6 · Emotion. User friction signals captured as governance data: repeated retries, short and tense messages, abandonment. It’s not “the agent recognizes feeling”; it’s the system recognizing something is off and opening extra verification.

7 · Durable pause. For irreversible actions (commit to prod, bulk email send, bank transfer), the agent stops and requests human confirmation with a durable timeout window. Missing this layer is the root cause of 80% of agent incidents in production.

8 · Confidence gating. The agent declares confidence before declaring an answer. When confidence drops below threshold, escalate to Advisor or to human. Calibrated confidence is more valuable than raw accuracy.

9 · Failure corpus.

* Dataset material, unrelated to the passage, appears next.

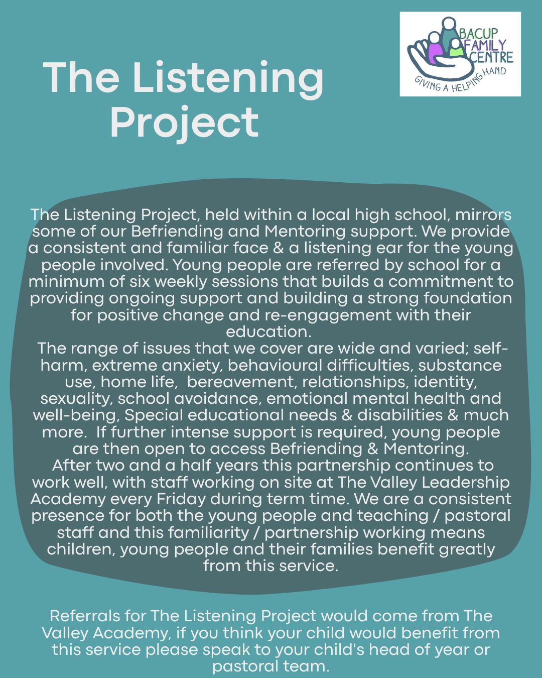 The Bacup Family Centre works with children, young people, their families and individuals, listening and responding to their needs.

Versioned repository of every failure observed in production: what came in, what went out, why it was wrong, which layer failed. Failure corpus feeds the other 8 layers continuously. Without corpus, the system forgets errors and repeats them.

How to apply

Use Harness Stack as an audit checklist: for each layer, does the agent have explicit implementation? “Implicit in the prompt” is a failure answer. Each layer should be code, configuration, or named policy — not hope.

Implementation order matters. Build layers 1-3 first (Context, Constraint, Verification); then 7-8 (Durable pause, Confidence gating); then 9 (Failure corpus). Layers 4-6 (Feedback, Advisor, Emotion) come after the agent is running.

Use cases applying Harness Stack

  • Harness Evolution System (HES) — proprietary system that automatically evolves the nine layers via trace analysis.
  • OpenClaw — multi-channel gateway applying layers 2 (Constraint) and 9 (Failure corpus) at the gateway level.

When to use

  • AI agent in production (not a demo, not a POC) taking real-world actions.
  • Agent incident audit: identifying which layer failed.
  • Brief for an AI engineer building a new agent on n8n/Cowork/OpenClaw stack.

When NOT to use

  • Quick prototyping or throwaway demos — overhead not justified.
  • Purely conversational agents without tool use — some layers (Verification, Failure corpus) don't apply.